The association of night vision symptoms with risk of 3-lines loss in VA was evaluated by odds ratios (OR) from repeated logistic regression models. The association of night vision symptoms with risk of CNV and GA was evaluated by the relative risks (RR) from proportional hazard models. The group with NVQ-10 score in 4^th quartile (with the best night vision) was used as the reference group in calculating OR and RR. These evaluations were performed without and with the adjustment of significant participant and ocular characteristics as determined from CAPT study.³⁰ The above analysis was performed for observed eyes and treated eyes, considered separately and combined. For the analysis of the combined data from observed and treated eyes, assigned treatment was included as a covariate, and the correlation between paired eyes of participants was accommodated by using a robust estimator of variance.³¹ All the data analysis was performed in SAS 9.1. (SAS Institute, Inc., Cary, NC).

RESULTS

NVQ-10 score at baseline

At baseline, 1,051 of 1,052 CAPT participants completed NVQ-10. The distribution of NVQ-10 scores shows that many CAPT participants reported problems with their night vision (Figure 1). The mean (±SD) NVQ-10 score was 70 (±20), and the median was 73 (range: 3 –100). Forty-two (4.0%) participants reported no problems with night vision and attained the maximum NVQ-10 score of 100. The NVQ-10 score ranged from 3 to 57 (mean: 42.1) in the 1^st quartile, 58 to 73 (mean: 66.8) in the 2^nd quartile, 74 to 85 (mean: 79.8) in the 3^rd quartile, and 86 to 100 in the 4^th quartile (mean: 93.1) (Figure 1). The NVQ-10 items showed strong internal consistency and reliability with Cronbach’s α = 0.90.

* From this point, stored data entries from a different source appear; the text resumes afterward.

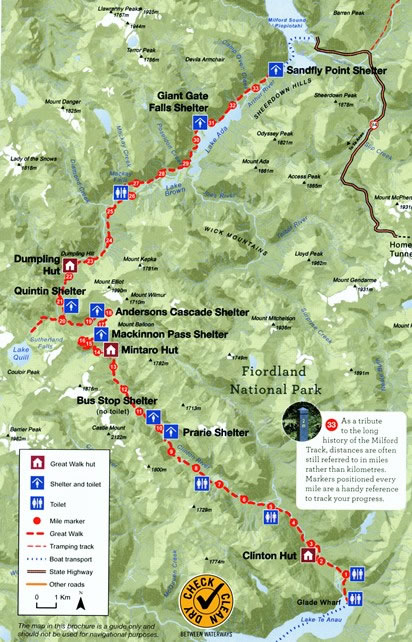 This photograph of a map in a DoC pamphlet about the Milford Track shows where we went. On Thursday afternoon, 4 April 1996, David and I walked from Glade Wharf to the Clinton Forks Hut. On Friday, 5 April, we hiked largely alongside the Clinton river from the Clinton Forks Hut to Mintaro Hut. The following day we climbed up, over, and down the Mackinnon Pass and spent our third and final night on the track in Dumpling Hut. On Sunday, 7 April, we walked to the end of the track at Sandfly Point, where we caught a boat to Milford and a bus back to Te Anau. |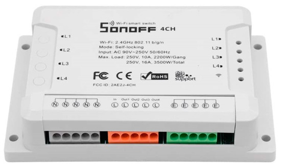 Figure 9. Sonoff Pow R2. - Sonoff 4CH: This sensor (Figure 10) is useful for deployment inside equipment racks because it supports DIN (Deutsches Institut für Normung) rail mounts as well as four independent control channels from one electrical input, and supports a maximum current per line of 10 A (2200 Watts) and a maximum of 16 A (3.5 kW) for the four lines.
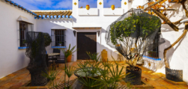 Als je binnenkomt door de indrukwekkende Andalusische dubbele deuren, word je verwelkomd door een betoverende Andalusische binnenplaats, vol rustieke charme en een prachtige fontein, typisch voor de Moorse stijl.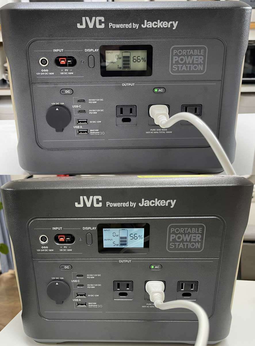 もう1つのコンセントとして使いたい場所に移動させながらアトリエで便利に使っているポータブル電源は、パワフルモデルのBN-RB10-Cと、スタンダードモデルのBN-RB62-Cの2台。それぞれの容量は1002Wh、626Whで、重さは10.9kg、6.5kgなので、手軽さならBN-RB62-Cですし、消費電力の高い家電を使いたい時にはBN-RB10-Cがやっぱり頼もしく、どちらも一長一短でしょうか。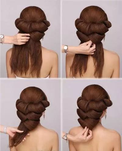 step12 上卷内扣,发尾固定在右侧上一层次的内侧。
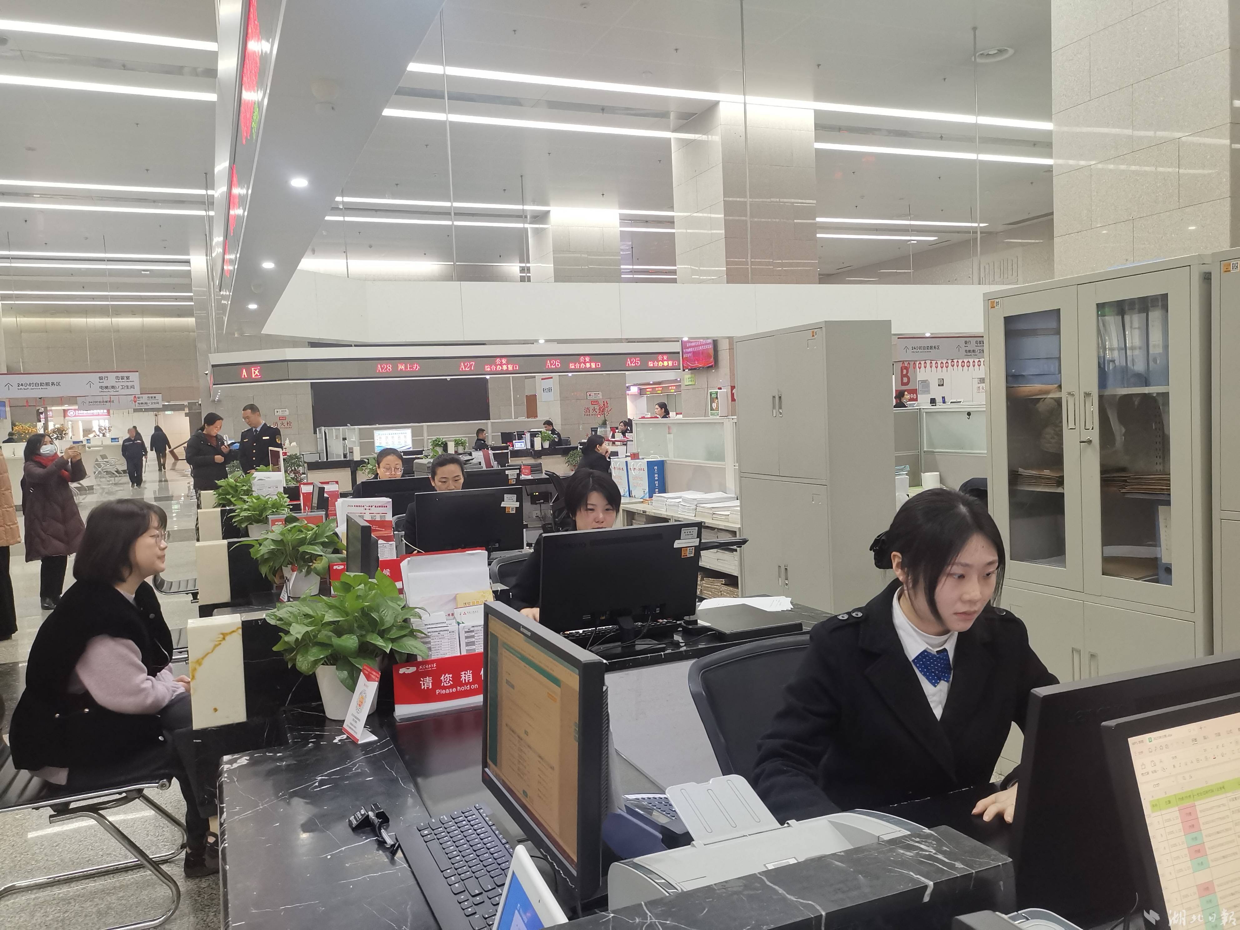 2月5日,蛇年春节假期后的首个工作日,武汉市民之家,大厅工作人员着装整齐,精神饱满,为前来办事的企业、群众提供悉心服务。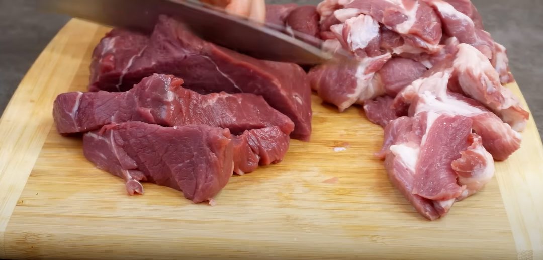 1 кг будь-якого м’яса перекрутіть на м’ясорубці. Найсмачніше виходить, якщо поєднати 2 види, наприклад, яловичину та свинину, чи будь-яку іншу пару. Пропустіть м’ясо, нарізане на шматочки, крізь м’ясорубку.
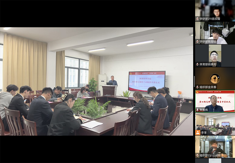 10月26日下午,体育科学学院举行第四期先锋骨干训练营开营仪式。学院党委副书记、副院长许慈晖对先锋骨干训练营全体新学员提出殷切希望。他希望同学们要认真学习贯彻党的二十大精神,提高政治判断力、政治领悟力、政治执行力;学习掌握管理工作方法,提高服务、协调、指导和管理工作能力水平;在体言体,在体强体,勇当标兵,在学习和工作中发挥先锋模范作用;发扬奉献、传承、团结、斗争精神,传递正能量,弘扬主旋律,提高学院的美誉度、知名度、影响力,为学院高质量发展贡献力量。

The distribution of night vision scores calculated from the 10-item night vision questionnaire (NVQ-10) administered at baseline. The scores were scaled from 0 to 100 with 100 indicating no night vision symptoms. The ranges of the four quartiles (Q1, Q2, Q3, and Q4) are indicated in the figure.

Association with VA

When participants were compared based on the quartiles of NVQ-10, the participants with the best night vision (in the 4^th quartile of NVQ-10) had the lowest proportions of observed eyes with ≥ 3-lines loss in VA at every visit when visual acuity was measured (Figure 2). Participants with the worst night vision (in the 1^st quartile) generally had the highest proportion of observed eyes with ≥ 3-lines loss, although the differences among the first three quartiles were not large (Figure 2). The association between loss in visual acuity and quartiles of night vision scores followed a similar pattern in treated eyes (data not shown). As compared with participants with the best night vision (in the 4^th quartile), participants with worse night vision at baseline (either in the 1^st, 2^nd or 3^rd quartile) had at least a two-fold increased risk of vision loss ≥ 3-lines in observed eyes. This significant association was maintained after adjustment by the other factors significantly associated with loss of visual acuity (age, current smoking status, hypertension, and focal hyperpigmentation) (Table 1). Weaker associations were seen in treated eyes, and in the combined set of observed and treated eyes (Table 1). Interaction between treatment assignment and quartiles of night vision score was not found (p=0.63)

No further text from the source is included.